Vessel is a very clever game, written by some clever guys at Strange Loop Games. The key feature that most of the gameplay is built around is a bespoke fluid simulation built on an in-house physics and graphics engine. It had already been optimised to run in less than 16.6ms per physics frame on PC and the performance of this part of the system is critical for fluid gameplay (pun intended). The rendering system uses deferred lighting and doesn't push the GPU too hard - although there are a lot of post process effects, lots of lights and some complicated shaders. The environment is basically 2.5D, with 3 dimensional meshes being used to construct a 2D Platformer with accurate 3D lighting. Most of the gameplay code runs in Lua, with the core systems being written in C++. All the audio was written using FMOD, one of the few third party cross platform systems used in this game.

The code was nicely multi-threaded. The Strange Loop boys had already done an excellent job of extracting the logic into Game, Physics, Loading, and Render threads (to name a few) and updates of data were carefully controlled to avoid race conditions. Also, the rendering system was neatly abstracted to aid cross platform development.
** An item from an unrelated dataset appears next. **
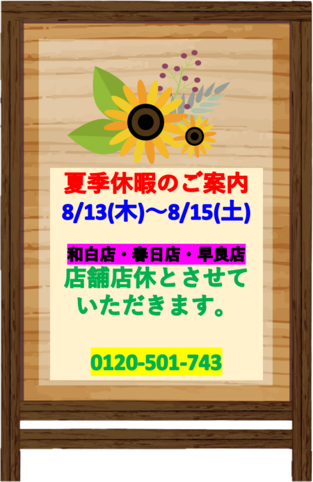 誠に恐れ入りますが、休業期間中のお問合せは8月16日より順次対応となります。

Overbyte inherited the port of Vessel from another studio, so the game was already running on the PlayStation (after some tinkering) and had a solid PS3 rendering engine and enough of the basics in place to allow a performance analysis.

Initial Performance

At this point, we had a game that basically worked and what we needed to determine was how much work was required to optimise this game to the point where it was running fast enough to be playable. A PlayStation 3 is a powerful piece of hardware, but it is not a current generation PC. It doesn't have the memory, caching subsystems, complicated, deeply pipelined, speculative CPUs or anything else that most modern programmers take for granted. This generally means that any program of significant complexity written for a PC will run slower on a PlayStation 3. By a factor of 2 or 3. Or even 4. So, what was the performance of Vessel PS3 like?
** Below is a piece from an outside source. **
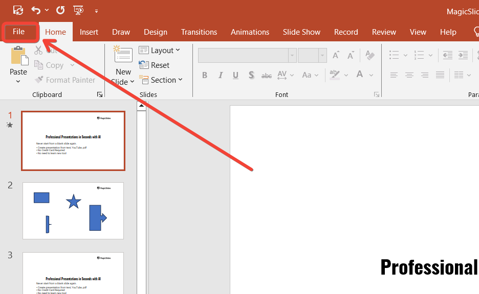Click on the “File” tab at the top left corner of the PowerPoint window.

The Game thread was pretty slow, taking 30 to 40 ms per frame, with a lot of its time being taken up by Lua and its associated garbage collection. 

The Render thread was pretty good - generally taking less than 10ms and already doing a lot of work on the SPUs.
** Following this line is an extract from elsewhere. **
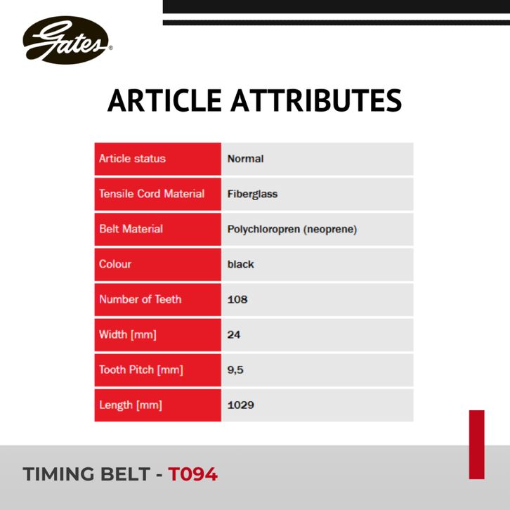 Gates Timing Belt Prestige / Timing Belt T094 Neoprene

The Loading wasn't too bad - taking about 26 seconds to load a level. A bit slow, but we could work with that.

The GPU was a little slow - the post process effects were dominating but for the most part, the GPU was running just a little slower than 30fps in the cases I checked, but peaked at around 50ms per frame

The Physics thread, which was responsible for all of the collisions, fluid simulation and was a critical part of the gameplay, was running slower than 60ms per frame. Note, that's not 60fps, but 60ms per frame.  Ouch. And this critical subsystem needs to run at 16.6ms per update – the other threads can run at 30fps, but the physics needs to run at 60fps to deliver an accurate fluid simulation.


The Physics Thread

Looking closer at the physics’ execution and code that simultaneously made my heart sink and rise – it was heavily STL based, using lots of containers for storage and iteration. As a result of this, there was also a lot of dynamic allocation of memory going on. A lot, as in around 6,000 calls to malloc or new per frame! And this was just in the Physics frame – the Game thread was also using memory (thanks Lua) and when both threads were running memory management at the same time, both threads would slow down dramatically as the multi-threaded memory manager started hitting the OS and using the synchronisation primitives to ensure thread safety and thereby blocking on thread or the other.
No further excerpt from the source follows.